Welcome to the forums @taylorbrooks_vskill - great to have you on board.

Being the Infrastructure & Development Manager I feel I can answer this (to some degree - other opinions exist)

Prior to our Use of Node RED... .NET (Still is to a lesser extent), was the main framework in all our Automations.

For a number of years, this caused problems - we are not a software house,
we are a refrigeration system manufacturing company - Design, Build, Service.

.NET was a skill held by only 1 or 2 members in the I.T department, and problem solving + Implementation was limited given the lack of exposure to .NET.

I wanted to change this (and did), and migrated (most) of our automations to Node RED.

  • This changed the support landscape massively, as.... well... its javascript, a blocker has just turned into a "Oh... its Javascript, I can do that", when it comes to understanding logic and reason.

We have integrations with.

  • Microsoft Entra ID
  • 3rd Party Service Provider APIs
    • Van/Vehicle Tracking
    • Client Systems
    • Supplier Systems
  • Internal System Manipulation
  • A few more (we have a lot)

And these have transitioned into Node RED - and we are Sooo very happy with it.

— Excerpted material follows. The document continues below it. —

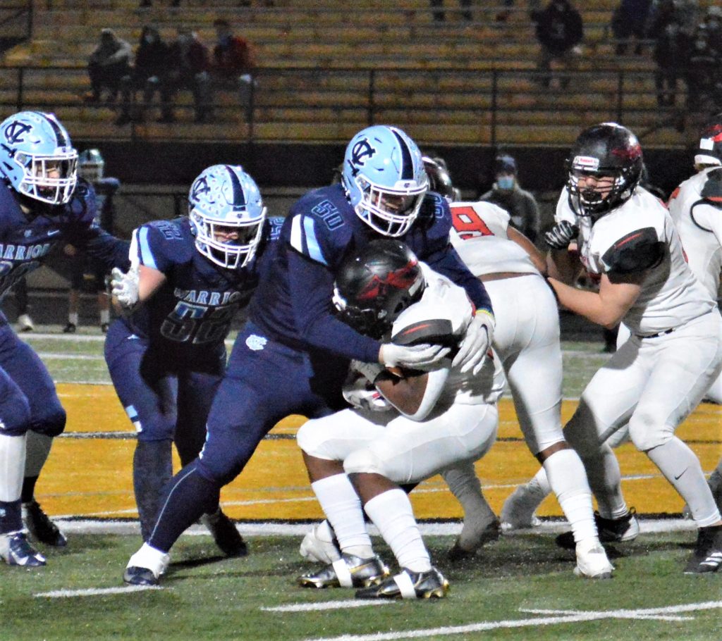 The blue Warriors imposed their will at that point, going on consecutive four-play, 50-plus-yard touchdown drives capped by scintillating Alexander runs of 41 and 31 yards to give CV a commanding 28-0 halftime lead.

What I (we) learned on the way - DONT put all your automations in one Node RED instance.
Use something like Flow Fuse, or create Node RED "Units"

  • Having 1 system go down, means it wont affect others.
    • Keep it departmental (whatever works for you), but keep in mind the importance of one system to the next.

Some of Our.... Node RED "Units" need external input - and for this we use CloudFlare + Azure.

As for failures - We send Stats to a central system (PRTG) - so we have a dashboard that details all the critical value endpoints - and if one is out of spec - we alert!!
Some of the "Oh S**T" alerts. -we use an SMS Provider

  • What was 1-2 staff, can the whole team now check (they all know Javascript)

When developing a new system automation, what turned into "It will need to wait for X", has now become, "lets prototype it in Node RED, and get it done"

I will repeat, keep importance segregated, meaning 1 system, cant take out another.

Lastly:
Document your Nodes, so an engineer working on the flow, can understand the reasoning behind it, and backup your flows prior to significant changes- <- A MUST

What we also learned is the license applied to certain 3rd Party Nodes, DO READ THE TERMS especially in commercial environments.

If you use 3rd Party APIs' implement some from of throttling -A few examples are here in the forums, to control the pressure applied to API's that should be managed.

A simple error, could knock out your flow if not correctly engineered

I hope all this helps.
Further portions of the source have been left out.